+++ SUPPLIED RECORDS +++

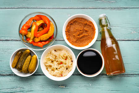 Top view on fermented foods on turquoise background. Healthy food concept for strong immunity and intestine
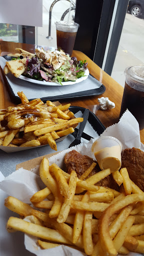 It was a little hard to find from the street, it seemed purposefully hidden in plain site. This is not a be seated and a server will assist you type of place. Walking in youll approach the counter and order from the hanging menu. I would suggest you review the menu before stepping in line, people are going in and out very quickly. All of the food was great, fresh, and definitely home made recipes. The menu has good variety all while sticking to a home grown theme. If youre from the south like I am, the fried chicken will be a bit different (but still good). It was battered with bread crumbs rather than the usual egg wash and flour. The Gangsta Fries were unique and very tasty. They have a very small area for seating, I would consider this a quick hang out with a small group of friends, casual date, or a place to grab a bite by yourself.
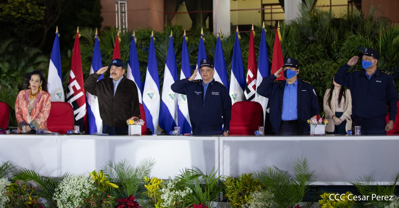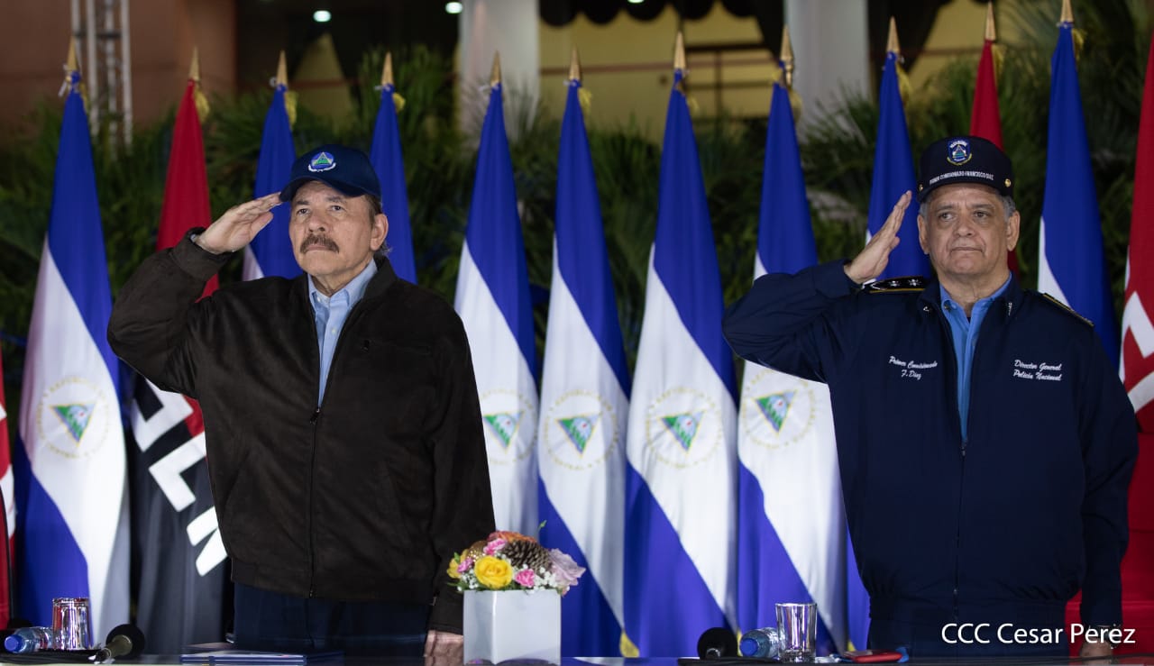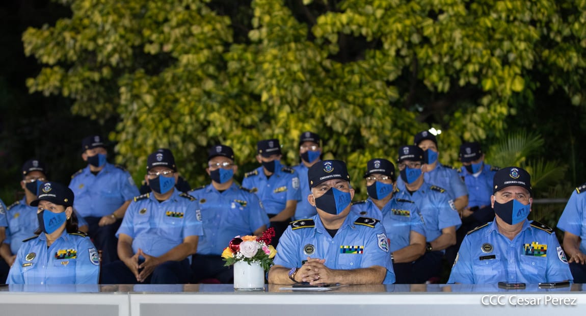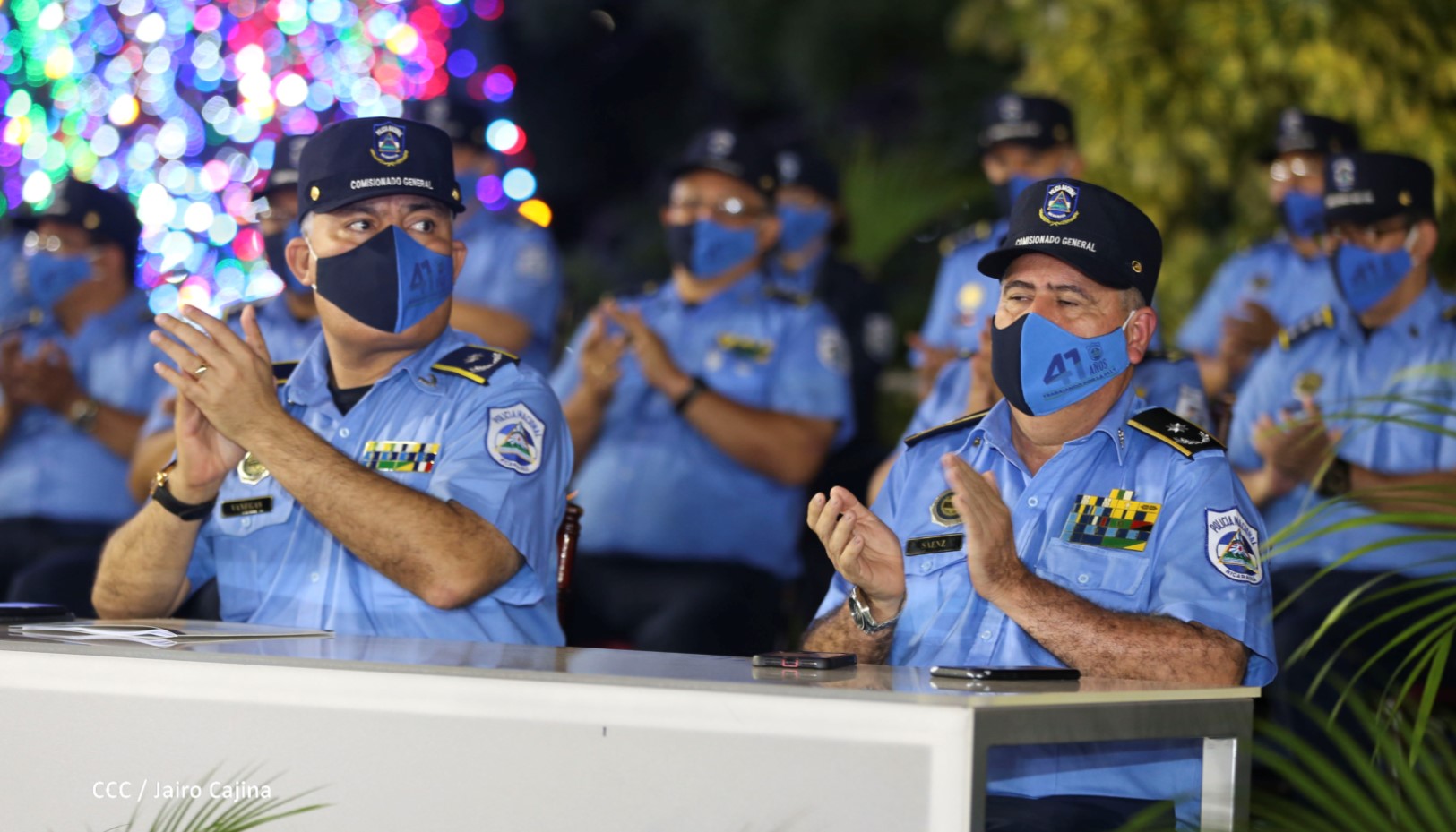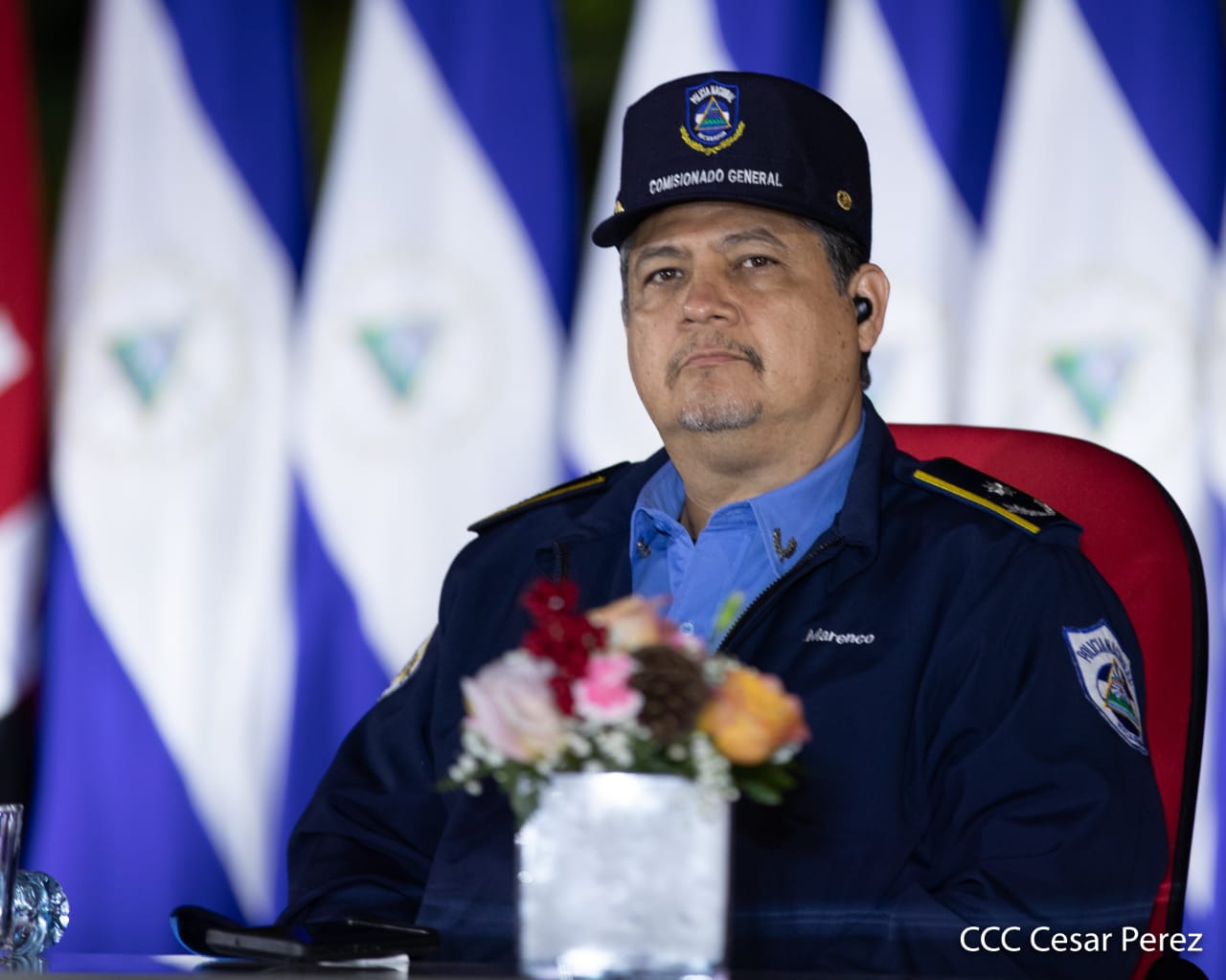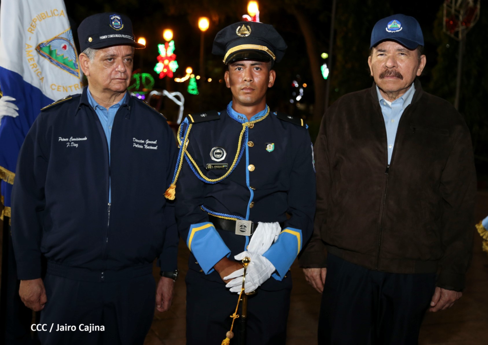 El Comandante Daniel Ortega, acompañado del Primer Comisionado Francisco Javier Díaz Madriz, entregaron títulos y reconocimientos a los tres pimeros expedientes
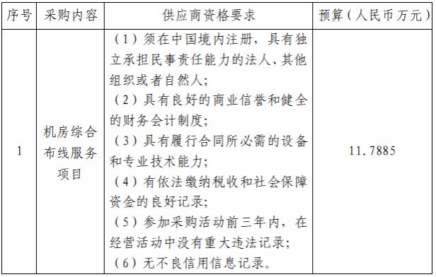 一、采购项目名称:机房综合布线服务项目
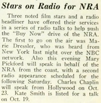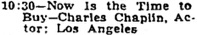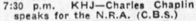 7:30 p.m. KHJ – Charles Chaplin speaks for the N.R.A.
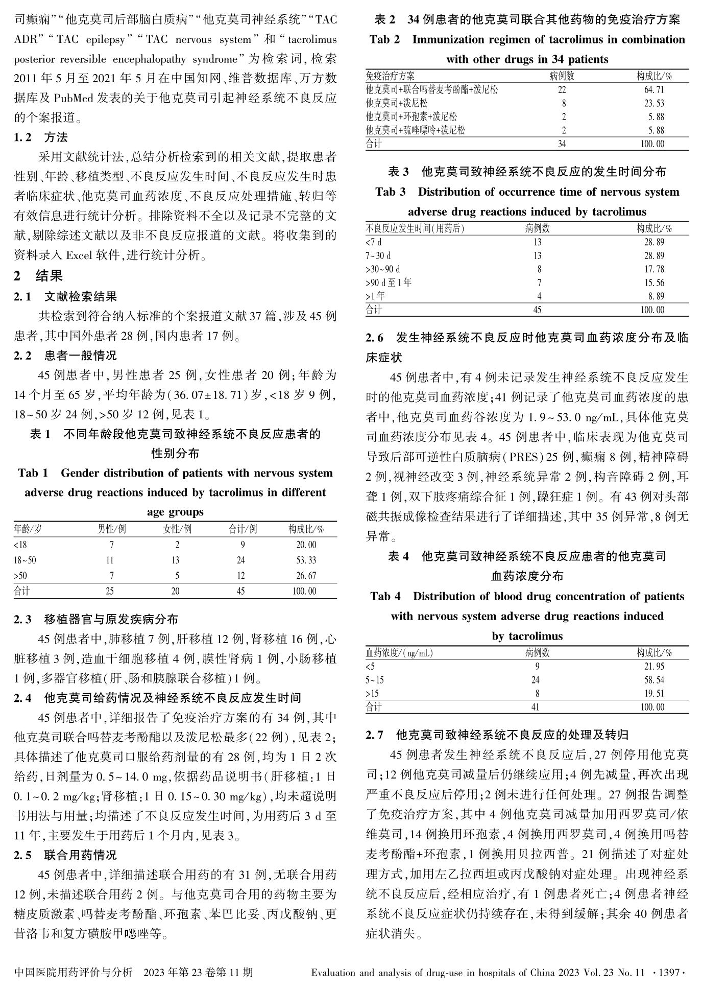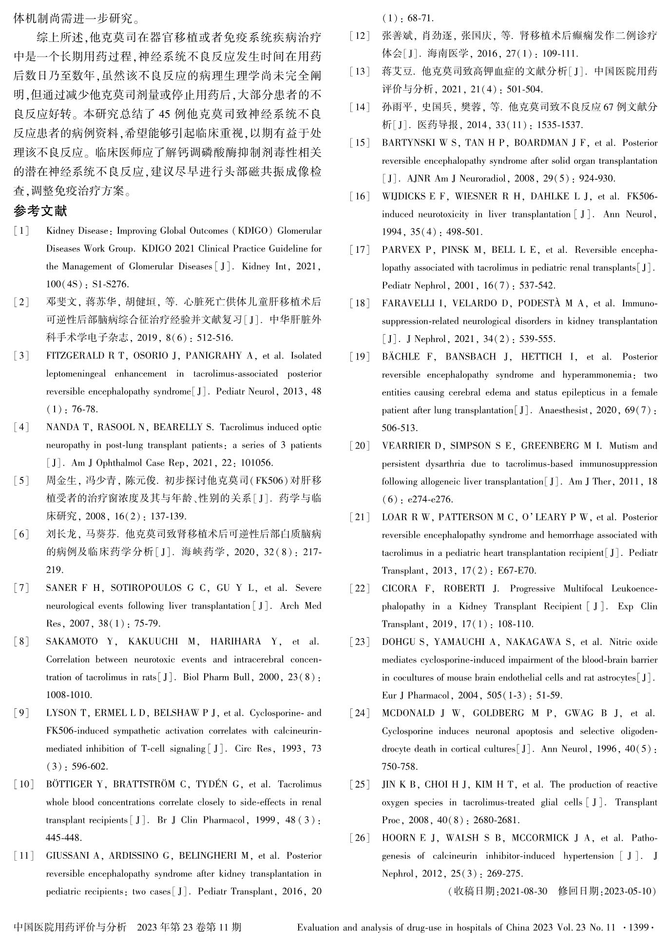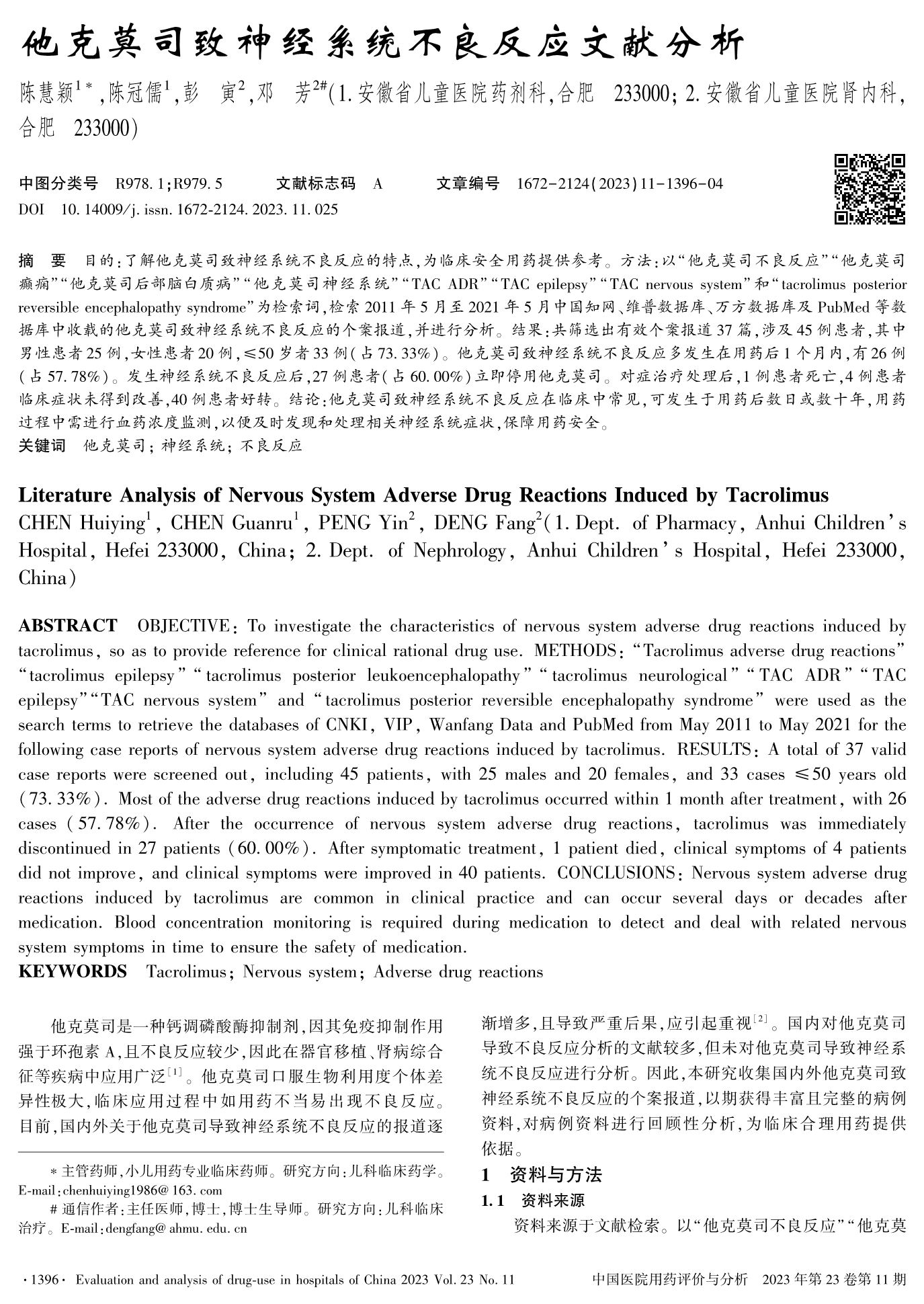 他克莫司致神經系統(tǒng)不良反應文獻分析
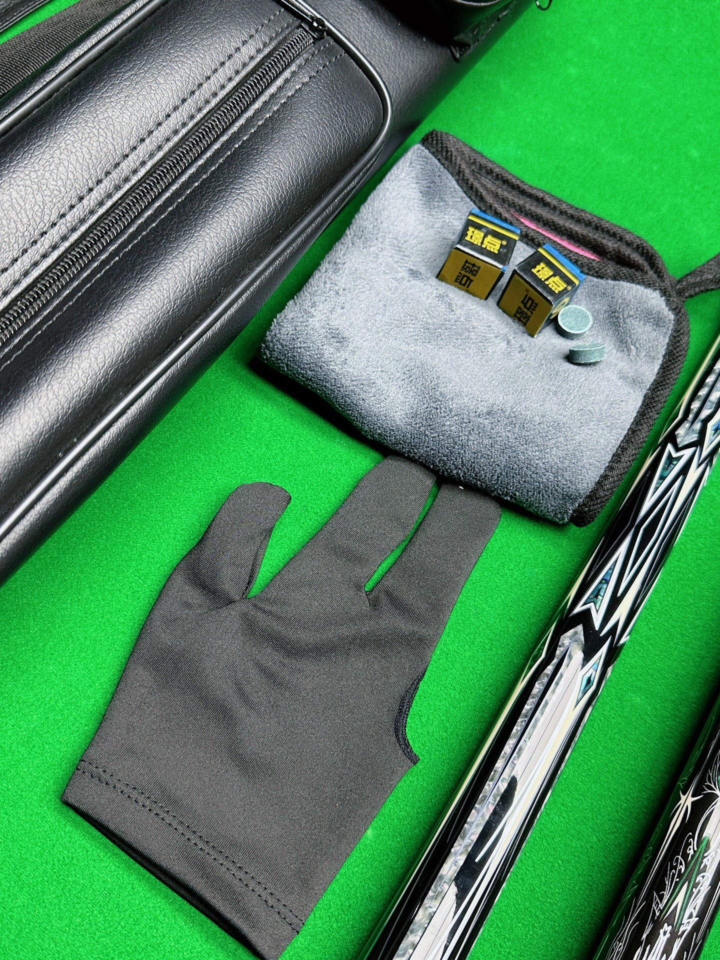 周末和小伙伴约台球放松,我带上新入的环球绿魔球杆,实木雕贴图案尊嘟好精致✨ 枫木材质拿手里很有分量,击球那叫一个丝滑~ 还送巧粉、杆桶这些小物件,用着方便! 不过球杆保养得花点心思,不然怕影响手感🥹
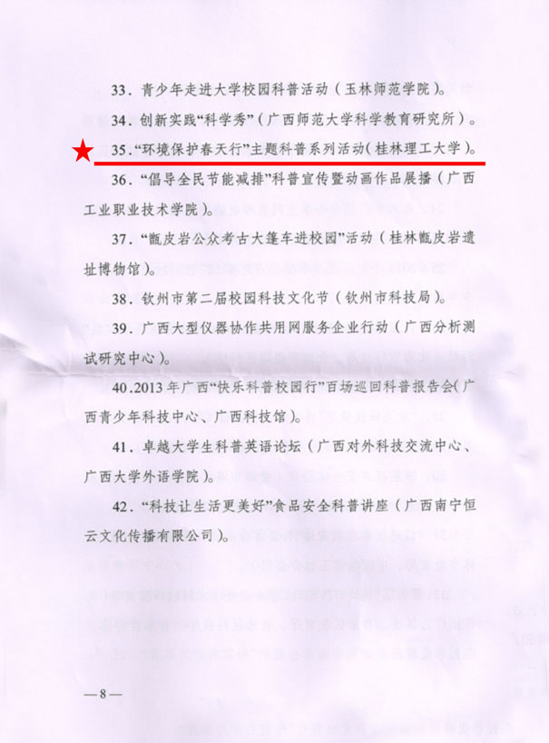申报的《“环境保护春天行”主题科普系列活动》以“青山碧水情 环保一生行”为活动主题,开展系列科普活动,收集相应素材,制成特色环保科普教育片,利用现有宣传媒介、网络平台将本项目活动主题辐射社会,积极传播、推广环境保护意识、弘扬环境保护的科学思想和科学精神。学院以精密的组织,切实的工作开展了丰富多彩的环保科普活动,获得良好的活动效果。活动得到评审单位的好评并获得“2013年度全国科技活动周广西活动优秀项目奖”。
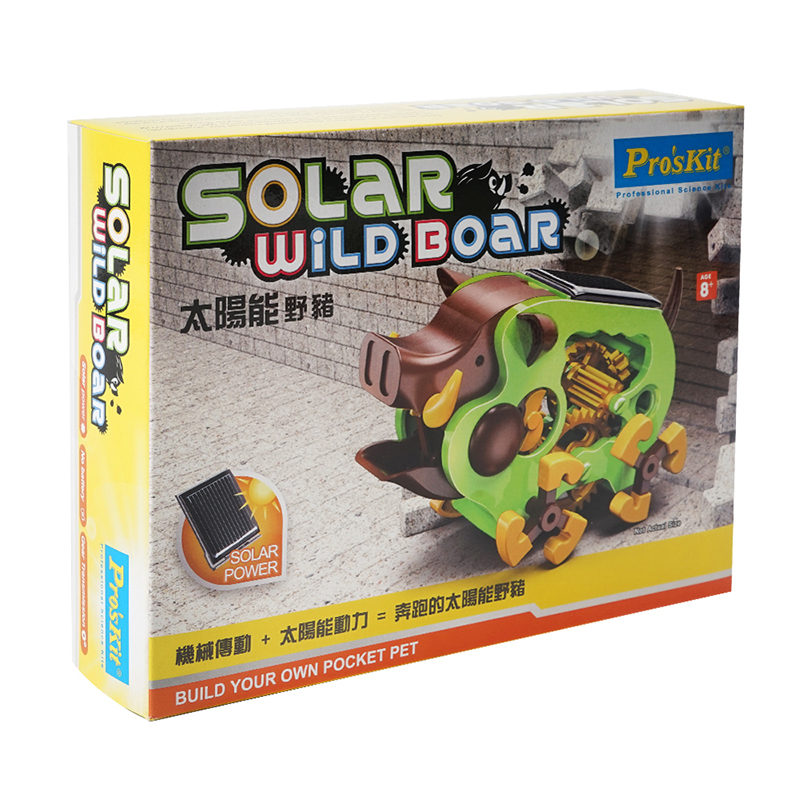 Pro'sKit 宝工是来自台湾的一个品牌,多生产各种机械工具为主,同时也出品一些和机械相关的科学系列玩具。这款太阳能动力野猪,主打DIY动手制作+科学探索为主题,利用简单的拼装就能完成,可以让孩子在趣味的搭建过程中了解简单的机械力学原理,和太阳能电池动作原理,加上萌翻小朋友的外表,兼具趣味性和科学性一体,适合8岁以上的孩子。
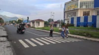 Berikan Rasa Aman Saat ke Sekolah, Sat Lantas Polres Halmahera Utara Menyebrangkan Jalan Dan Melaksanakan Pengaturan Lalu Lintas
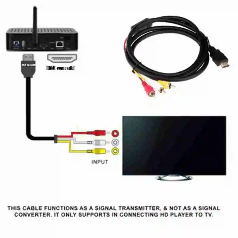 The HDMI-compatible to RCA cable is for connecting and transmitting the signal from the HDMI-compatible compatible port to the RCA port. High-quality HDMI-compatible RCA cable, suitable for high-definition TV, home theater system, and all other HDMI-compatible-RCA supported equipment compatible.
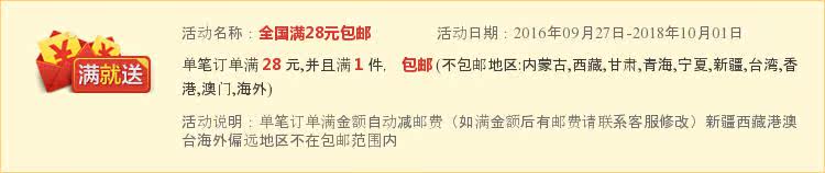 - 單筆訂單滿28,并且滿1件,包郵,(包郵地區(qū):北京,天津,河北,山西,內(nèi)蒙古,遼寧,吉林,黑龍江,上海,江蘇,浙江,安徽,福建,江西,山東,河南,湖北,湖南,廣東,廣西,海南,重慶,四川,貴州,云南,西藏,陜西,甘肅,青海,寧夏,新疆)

+++

● **WORK TO COMPLETE**: Every line from the one containing "Pro'sKit 宝工是来自" through the last line of the data, both included, is to be repeated exactly; the pictures are to be left out.

● **ANSWER FOR THIS EXERCISE**:
 Pro'sKit 宝工是来自台湾的一个品牌,多生产各种机械工具为主,同时也出品一些和机械相关的科学系列玩具。这款太阳能动力野猪,主打DIY动手制作+科学探索为主题,利用简单的拼装就能完成,可以让孩子在趣味的搭建过程中了解简单的机械力学原理,和太阳能电池动作原理,加上萌翻小朋友的外表,兼具趣味性和科学性一体,适合8岁以上的孩子。
 Berikan Rasa Aman Saat ke Sekolah, Sat Lantas Polres Halmahera Utara Menyebrangkan Jalan Dan Melaksanakan Pengaturan Lalu Lintas
 The HDMI-compatible to RCA cable is for connecting and transmitting the signal from the HDMI-compatible compatible port to the RCA port. High-quality HDMI-compatible RCA cable, suitable for high-definition TV, home theater system, and all other HDMI-compatible-RCA supported equipment compatible.
 - 單筆訂單滿28,并且滿1件,包郵,(包郵地區(qū):北京,天津,河北,山西,內(nèi)蒙古,遼寧,吉林,黑龍江,上海,江蘇,浙江,安徽,福建,江西,山東,河南,湖北,湖南,廣東,廣西,海南,重慶,四川,貴州,云南,西藏,陜西,甘肅,青海,寧夏,新疆)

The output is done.